For convenience we are defining the formula first and then using it in both the standard lm function and the sqlm function however as you saw earlier sqlm::lm_sql() works just like lm() with formula body in the function call.
formula_input <- formula(net_price~quantity*unit_cost)

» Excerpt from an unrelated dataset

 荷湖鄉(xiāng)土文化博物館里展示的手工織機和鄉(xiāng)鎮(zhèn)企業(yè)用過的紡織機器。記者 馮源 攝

lm_tidy_tbl <- lm(formula_input,data=contoso::sales) |>
broom::tidy()
sqlm_tidy_tbl <-sqlm::lm_sql(formula_input,data = sales_small_db) |>
broom::tidy()| Comparison of lm() and lm_sql() results | ||||
| Term | Estimate (lm) | Estimate (sqlm) | Std. Error (lm) | Std. Error (sqlm) |
|---|---|---|---|---|
| (Intercept) | -30.372882622 | -30.372882622 | 2.267749367 | 2.267749367 |
| quantity | -0.874828942 | -0.874828942 | 0.596018745 | 0.596018745 |
| unit_cost | 2.534482193 | 2.534482193 | 0.011540823 | 0.011540823 |
| quantity:unit_cost | 0.001330544 | 0.001330544 | 0.002977435 | 0.002977435 |
As we can see there are no differences in the results between the two model fits.

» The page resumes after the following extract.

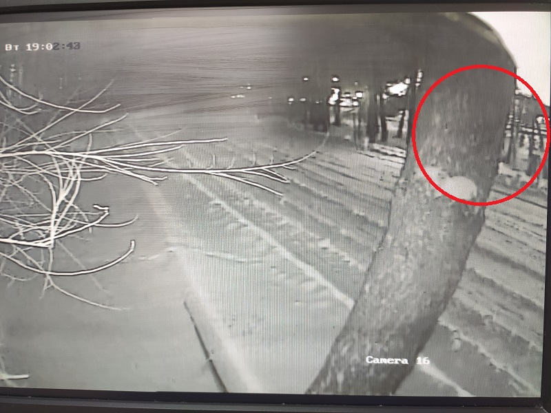 Камера зафиксировала убийство. Самого нанесения ударов не видно, оно скрыто за деревом.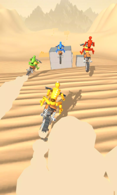 2、控制各种摩托车,以人体模型作为你的骑手。穿越险峻的下坡路径,保持摩托车平衡,对抗重力,冲上坡道,完成惊险的跳跃和翻转!

Note there are minor differences in how factor variables are named in output as sqlm() will append “_” when using the column name and its levels eg. currency_code_USD in lm_sql() vs. currency_codeUSD in lm().
What else can sqlm do?
sqlm also supports a many-models workflow via dplyr::group_by(). Instead of nesting data and fitting separate models in R, lm_sql() computes all grouped models in a single SQL GROUP BY pass:
grouped_db <- sales_small_db |>
dplyr::group_by(currency_code) |>
lm_sql(net_price~quantity+unit_cost,data = _)

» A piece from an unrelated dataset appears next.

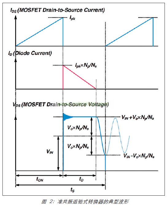 圖 2 顯示準(zhǔn)共振返馳式轉(zhuǎn)換器的典型波形。如果二極管電流在 MOSFET 關(guān)閉后達(dá)到零,則 MOSFET VDS 會由于原邊電感器 (Lm) 與 MOSFET 輸出電容器 Coss 之間的共振而開始振蕩。在 VDS 達(dá)到其最小值時(因漏極與源極之間的電容負(fù)載,降低 MOSFET 導(dǎo)通開關(guān)損耗),通過開啟 MOSFET 來實現(xiàn)準(zhǔn)共振交換。設(shè)計變壓器匝數(shù)比 Np/Ns,以便共振振幅大于 VIN,從而使零電壓開關(guān) MOSFET 能夠?qū)崿F(xiàn)。

print(grouped_db)# A tibble: 5 × 2
currency_code model
<chr> <list>
1 EUR <sqlm::__>
2 AUD <sqlm::__>
3 GBP <sqlm::__>
4 CAD <sqlm::__>
5 USD <sqlm::__>
Each row contains a model object for a given group. Use rowwise() + mutate() with broom::tidy() or broom::glance() to extract results:
grouped_db |>
dplyr::rowwise() |>
dplyr::mutate(
glance_model = list(broom::glance(model))
) |>
tidyr::unnest(glance_model)# A tibble: 5 × 13
currency_code model r.squared adj.r.squared sigma statistic p.value df
<chr> <list> <dbl> <dbl> <dbl> <dbl> <dbl> <dbl>
1 EUR <sqlm::__> 0.952 0.952 83.9 18087. 0 2
2 AUD <sqlm::__> 0.958 0.958 80.3 5288. 0 2
3 GBP <sqlm::__> 0.955 0.955 92.8 7235. 0 2
4 CAD <sqlm::__> 0.949 0.949 86.1 7723. 0 2
5 USD <sqlm::__> 0.952 0.952 89.0 39718. 0 2
# ℹ 5 more variables: logLik <dbl>, AIC <dbl>, BIC <dbl>, nobs <dbl>,
# df.residual <dbl>
For a deeper dive into the many-models pattern — including multiple grouping variables, comparisons with in-memory approaches, and benchmarks — see the Many Models vignette.